Council to vote on fate of sales tax referendum
The fate of a referendum on a new one-cent sales tax will be decided on Tuesday night as County Council votes for a third and final time.
If it is approved, the referendum would be on the ballot in November.
If it’s not approved, the measure is dead.
At the last Council meeting in July, about 20 people spoke during public comment, most urging Council members to vote against sending the proposal to a referendum.
In the end, Council voted 5-2 to give second reading to the ordinance.
Council members Bob Anderson and Ron Charlton were the only two “no” votes.
Anderson said he had hoped to trade some property tax for the sales tax. Charlton said he was swayed by the people who spoke in opposition to the proposal.
The county formed a commission to investigate how the money from a new one-cent sales tax would be spent.

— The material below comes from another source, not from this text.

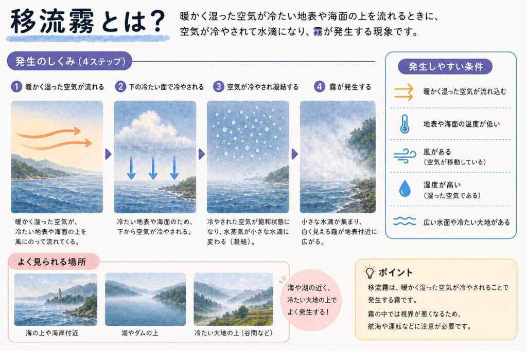 移流霧は、「空気の塊が冷たい場所に流れてくることで」できる霧です。特に海や湖によく見られます。

The commission put together a list of $40 million in projects, including $7.47 million for road improvements; $12.2 million for parks and recreation; $11.31 million for libraries; and $7.3 million for dredging in Georgetown and Murrells Inlet.
The new sales tax would have an eight-year lifespan. Another referendum would be needed to extend it.

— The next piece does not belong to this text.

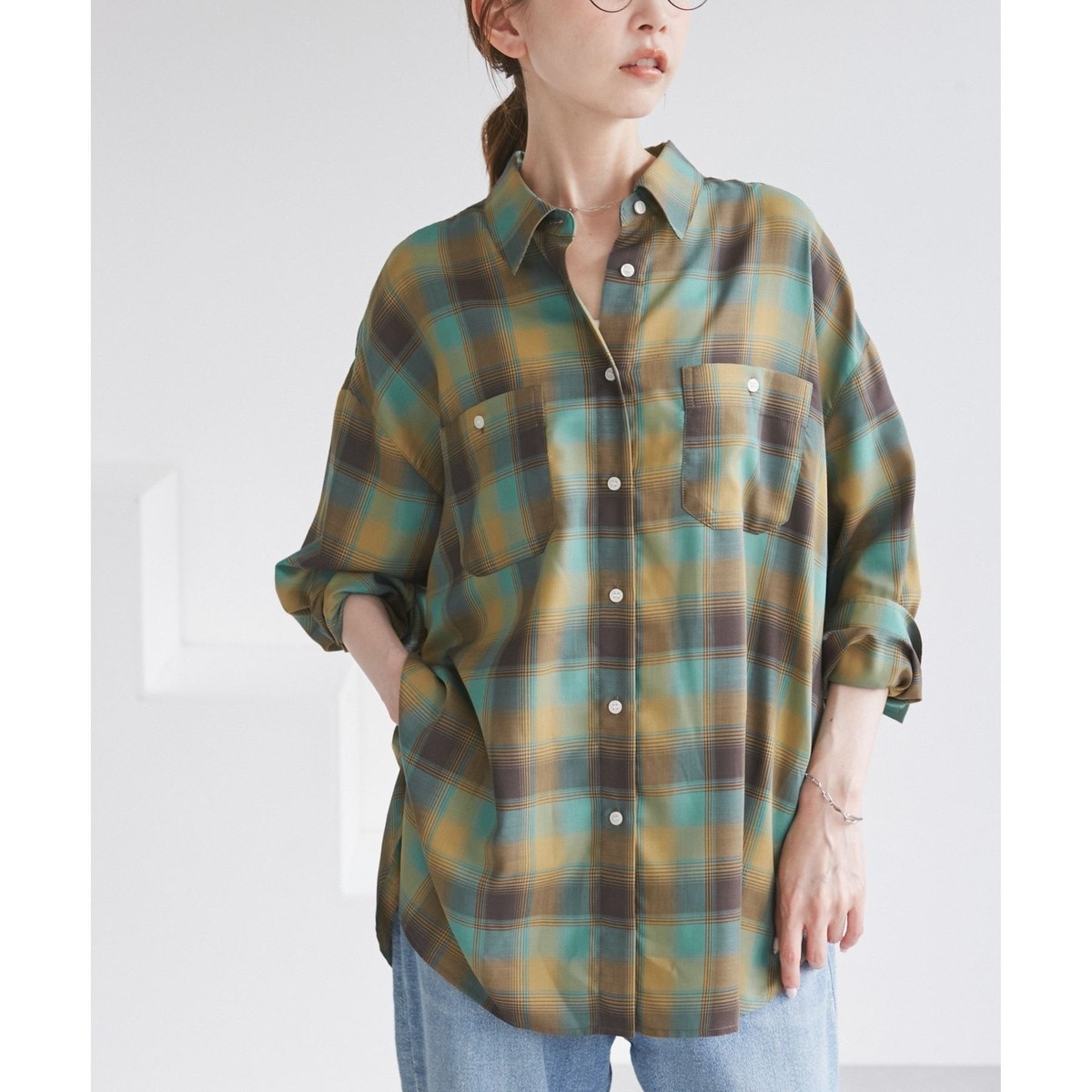 ・ゆとりのあるサイズ感のオンブレチェックシャツ。

County Council meets Tuesday at 5:30 p.m. on the second floor of the Old Courthouse at Screven and Prince streets in Georgetown.

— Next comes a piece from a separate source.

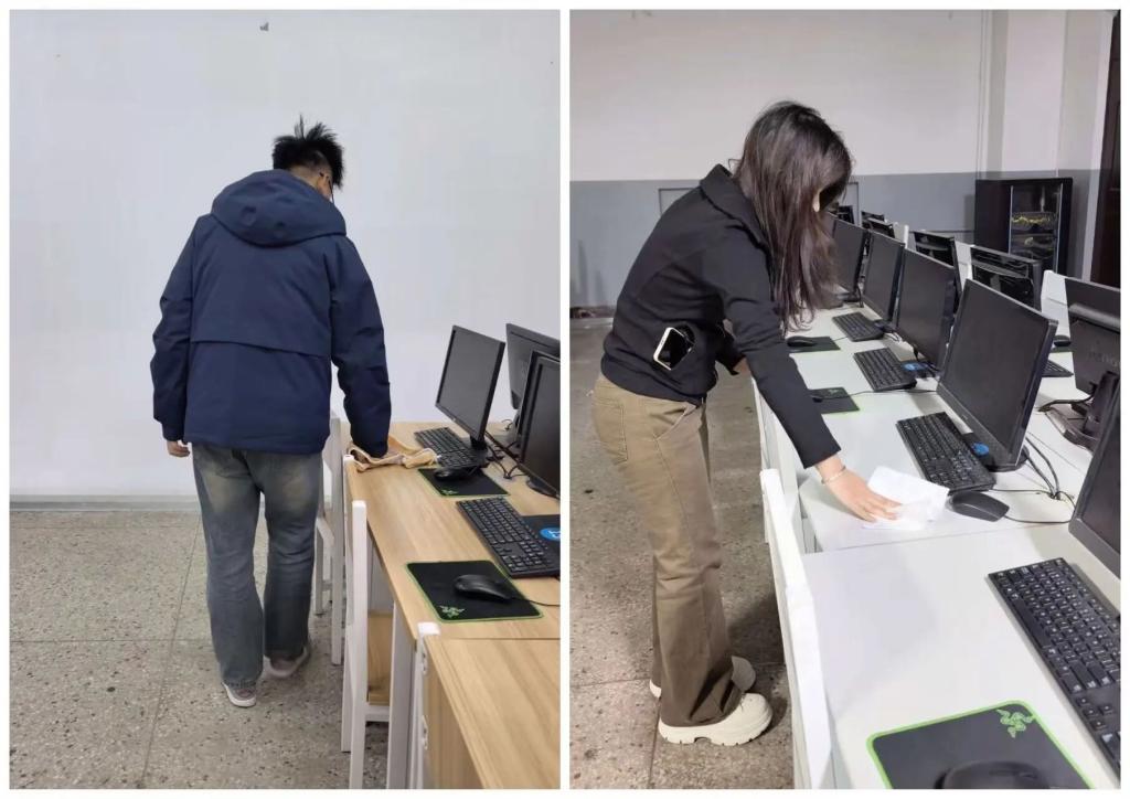 从桌面到地面,从设备外观到接口细节,大家不放过任何一处卫生死角。经过数小时的辛勤付出,机房面貌焕然一新,地面光洁、设备整齐,学习氛围更加清爽宜人。同学们在劳动中真切体会到“小事见担当”的道理,责任感与团队协作意识也在实践中得到进一步提升。

Georgetown County Library Director Dwight McInvaill is defending himself against charges that he broke a state law that prohibits the “use of public funds, property, or time” to influence an election or the outcome of a ballot measure.
McInvaill used his county e-mail account to invite Sue Sledz, director of Murrells Inlet 2020, to a “steering committee meeting for leaders in favor of the proposed one-cent sales tax referendum.”
He said he was asked to send the e-mail by Jean Cross, vice chairwoman of the county Library Board.
After McInvaill sent his invitation to Sledz, Waccamaw Neck resident Charlie Luquire sent him an e-mail pointing out that using his county account for that purpose was a violation of state law.
“My intent was not to do anything that was inappropriate,” McInvaill said, “even though I do not believe it was.”
McInvaill spoke to County Administrator Sel Hemingway about his “strong desire to not do something inappropriate,” and said he would not be sending any more e-mails regarding meetings or the sales-tax referendum.